SUPPLIED INFORMATION:
═══

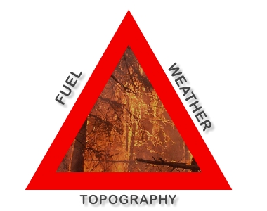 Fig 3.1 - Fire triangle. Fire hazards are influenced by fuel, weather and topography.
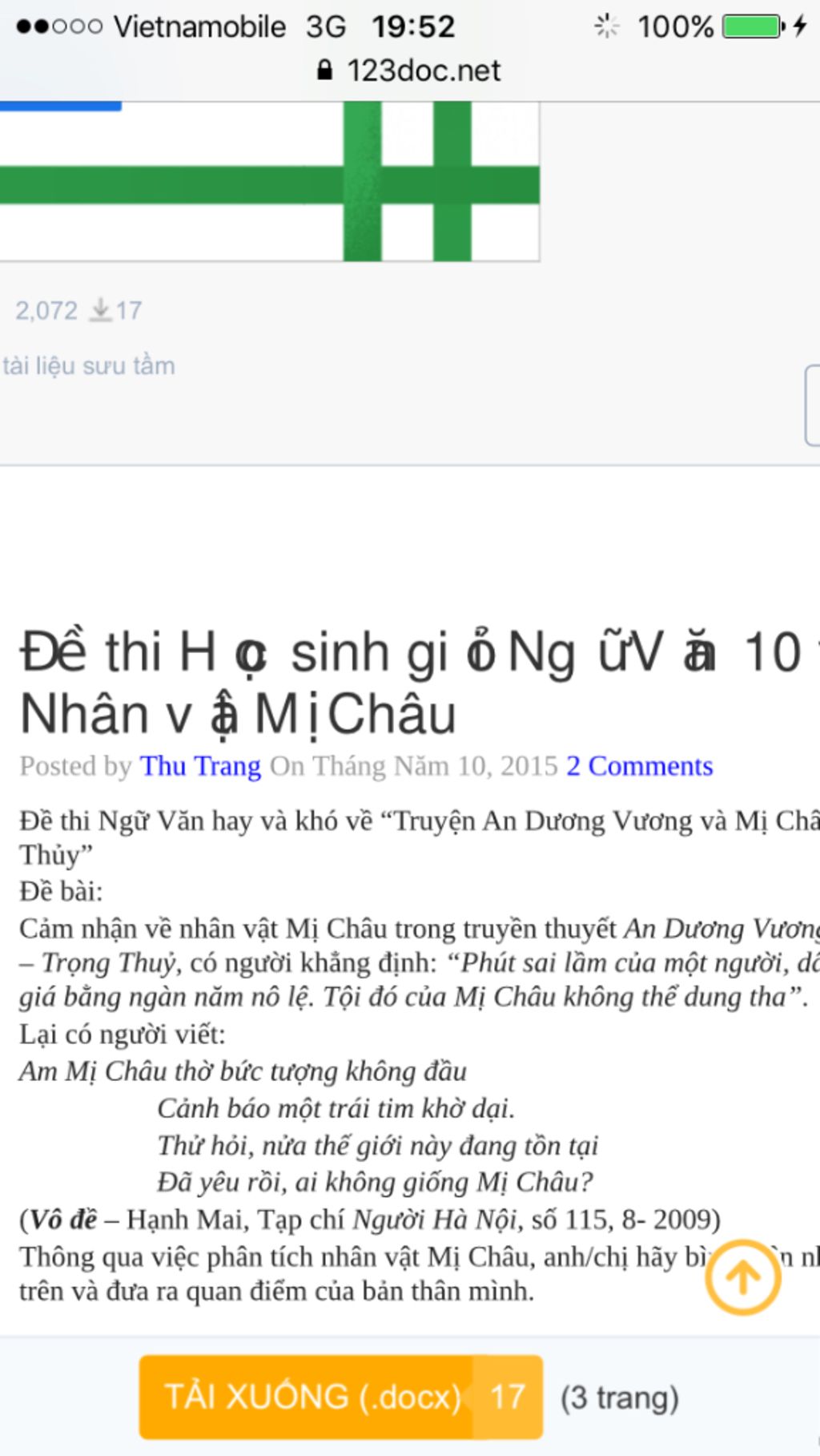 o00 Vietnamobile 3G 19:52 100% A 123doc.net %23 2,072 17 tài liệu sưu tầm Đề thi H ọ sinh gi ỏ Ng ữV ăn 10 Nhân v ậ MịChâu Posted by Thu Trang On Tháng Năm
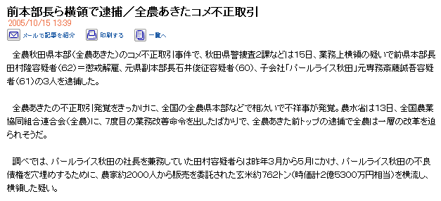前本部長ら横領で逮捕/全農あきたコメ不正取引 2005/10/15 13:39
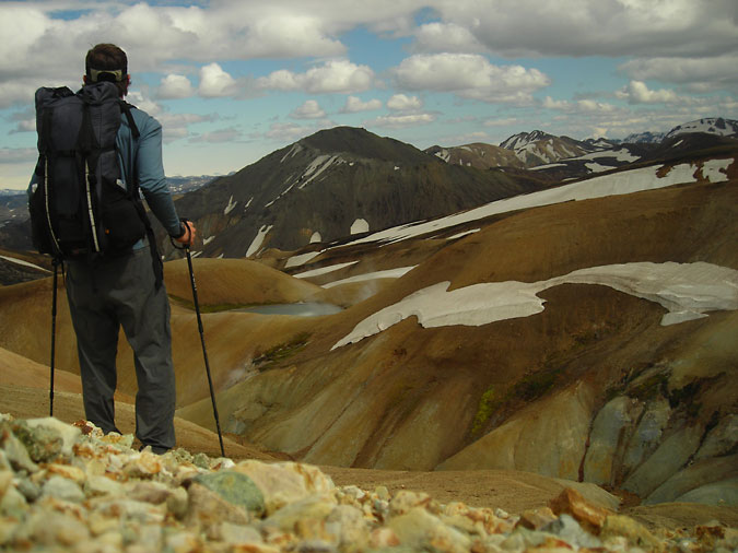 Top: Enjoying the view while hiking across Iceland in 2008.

═══

WORK TASK: Every line of the listing above is to be repeated exactly, with its pictures left out.

COMPLETED EXERCISE:
 Fig 3.1 - Fire triangle. Fire hazards are influenced by fuel, weather and topography.
 o00 Vietnamobile 3G 19:52 100% A 123doc.net %23 2,072 17 tài liệu sưu tầm Đề thi H ọ sinh gi ỏ Ng ữV ăn 10 Nhân v ậ MịChâu Posted by Thu Trang On Tháng Năm
前本部長ら横領で逮捕/全農あきたコメ不正取引 2005/10/15 13:39
 Top: Enjoying the view while hiking across Iceland in 2008.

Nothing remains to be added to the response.